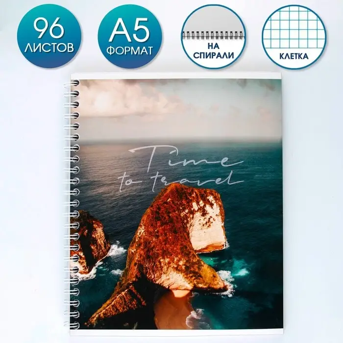 Тетрадь в клетку, 96 л., А5, на спирали, блок №2, Time to trevel
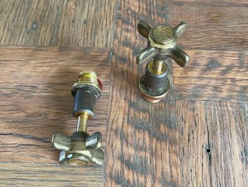 - Raw brass lever handles (washing machine stops)
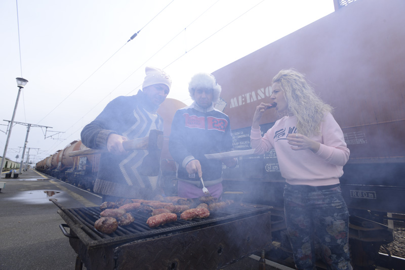 Pe peronul din Gara de Nord, membrii SRC au încins un grătar, pe care au fript mici. "Ne bucurăm că după aproape zece ani de când am intrat în Uniunea Europeană, micii noştri au fost şi ei acceptaţi. Aşa că prin această filmare de promo – simbolică aş putea spune- aducem un omagiu mititeilor româneşti şi plecăm spre marea Europă cu micii româneşti", spune, cu umor, Toni Grecu.
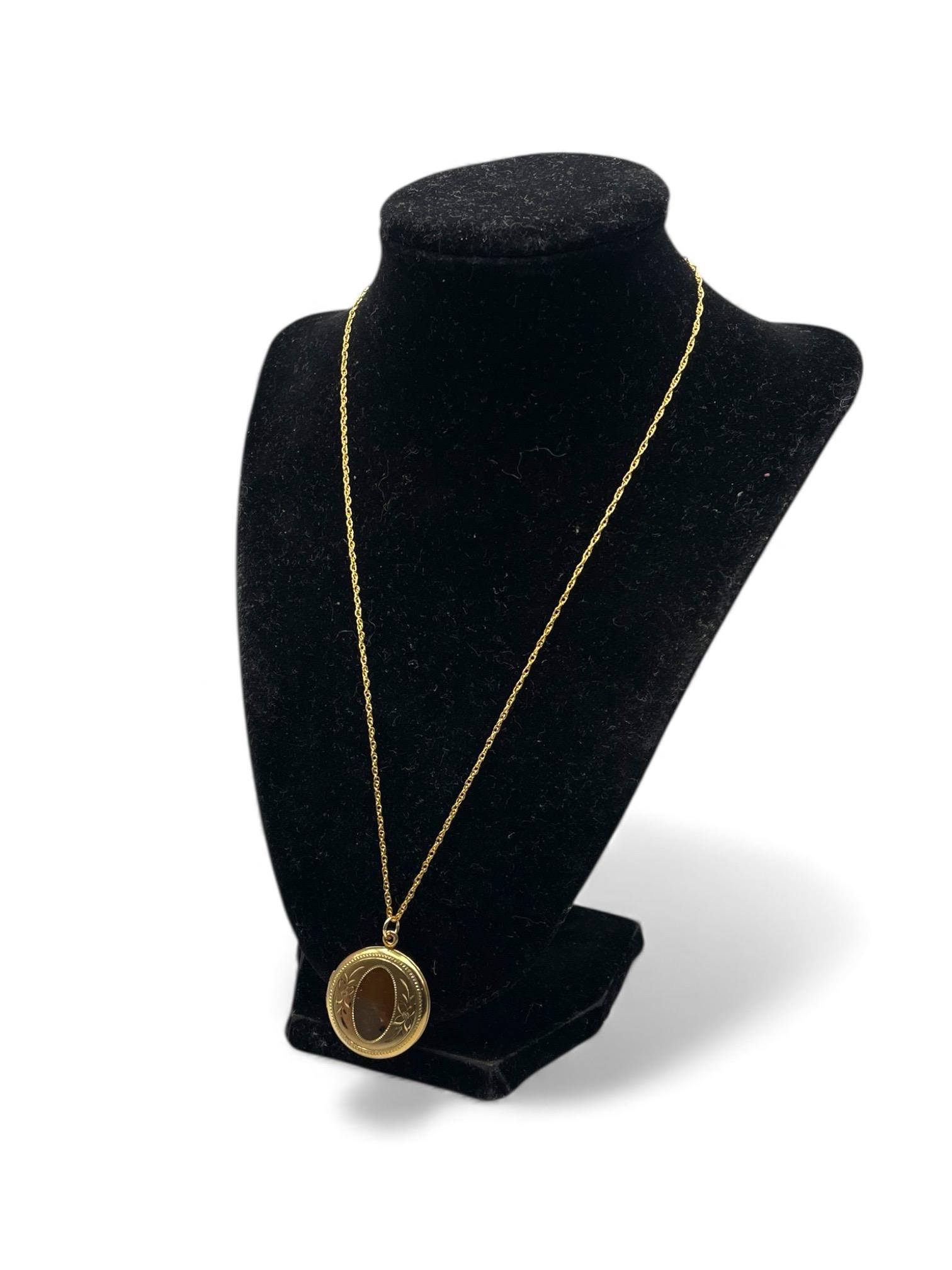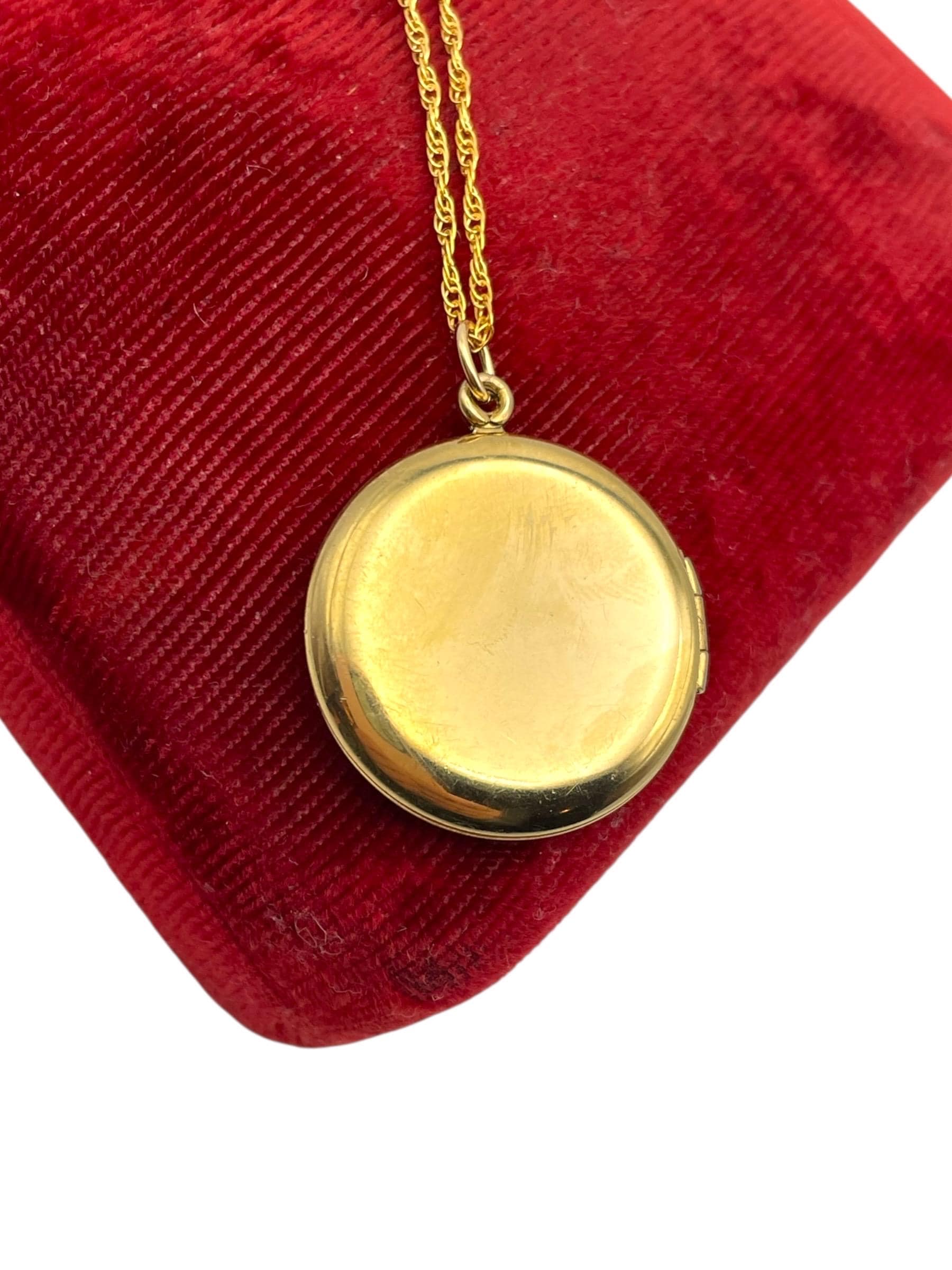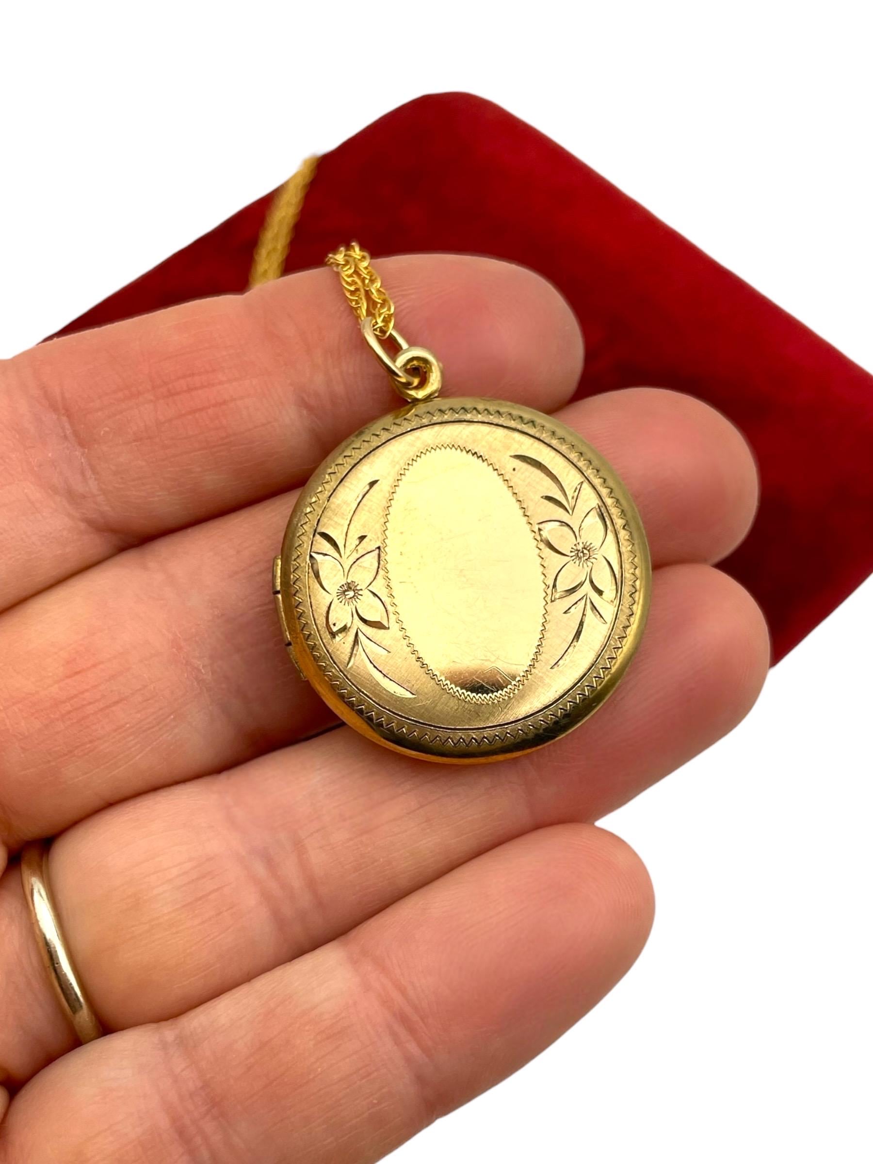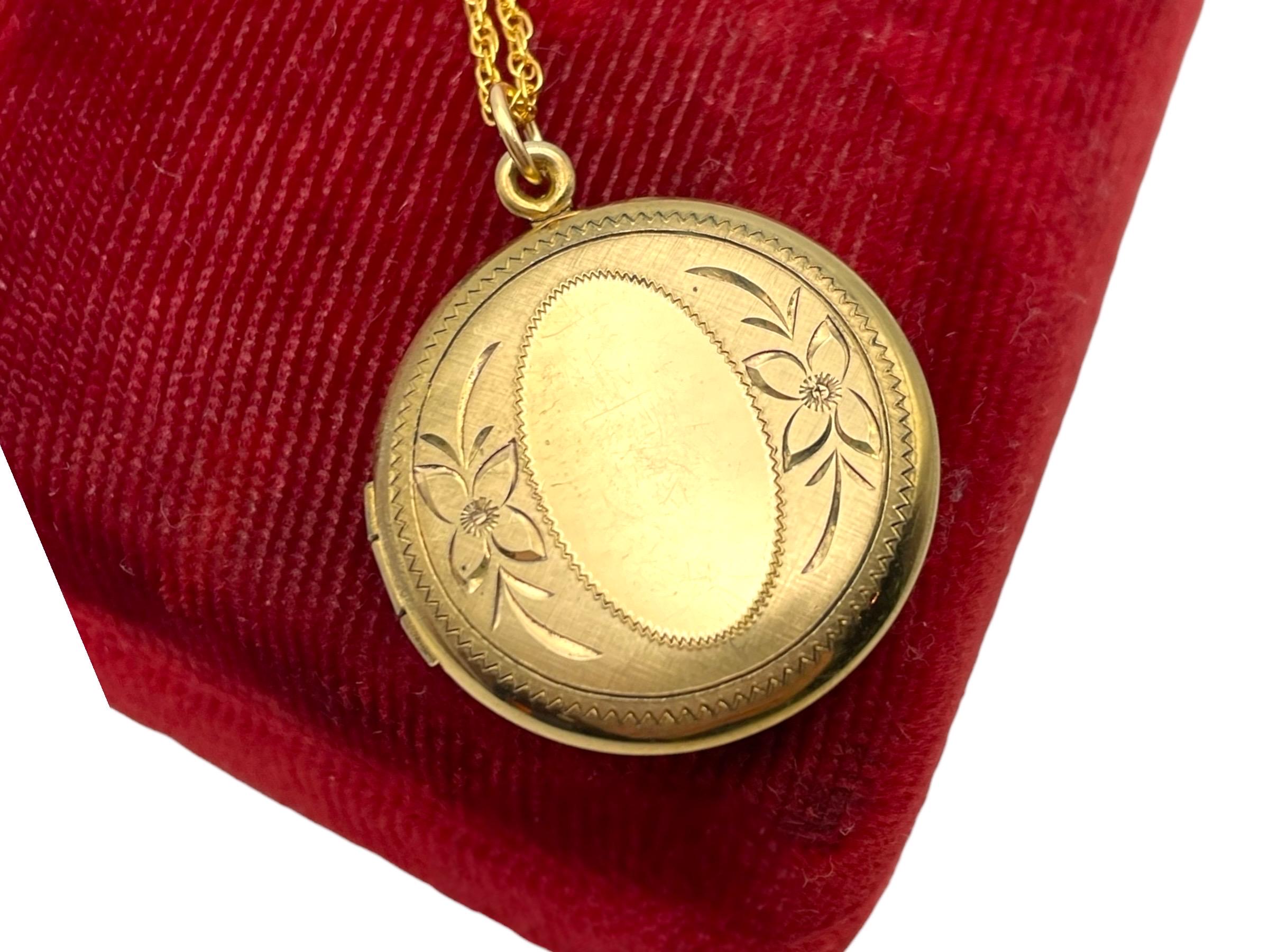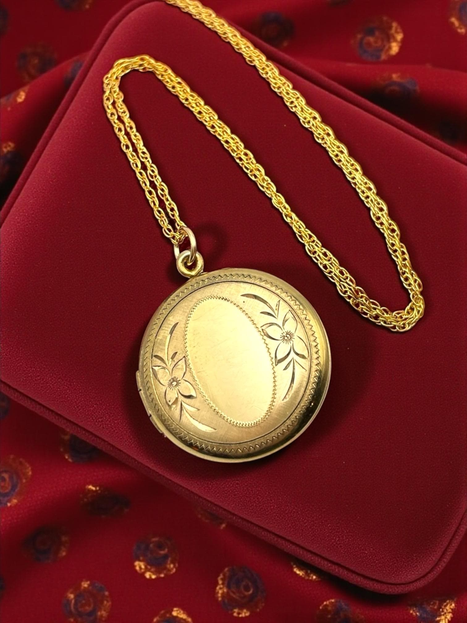 A large round vintage gold filled locket on a 14K yellow gold chain. This locket features an etched floral design on the front, the back is plain with no design.

━━━━━━━━

== WHAT THE EXERCISE ASKS ==
Return the material line for line, from its beginning to the line that contains "Pe peronul din", with the pictures left out.

== EXERCISE RESPONSE ==
 Тетрадь в клетку, 96 л., А5, на спирали, блок №2, Time to trevel
 - Raw brass lever handles (washing machine stops)
 Pe peronul din Gara de Nord, membrii SRC au încins un grătar, pe care au fript mici. "Ne bucurăm că după aproape zece ani de când am intrat în Uniunea Europeană, micii noştri au fost şi ei acceptaţi. Aşa că prin această filmare de promo – simbolică aş putea spune- aducem un omagiu mititeilor româneşti şi plecăm spre marea Europă cu micii româneşti", spune, cu umor, Toni Grecu.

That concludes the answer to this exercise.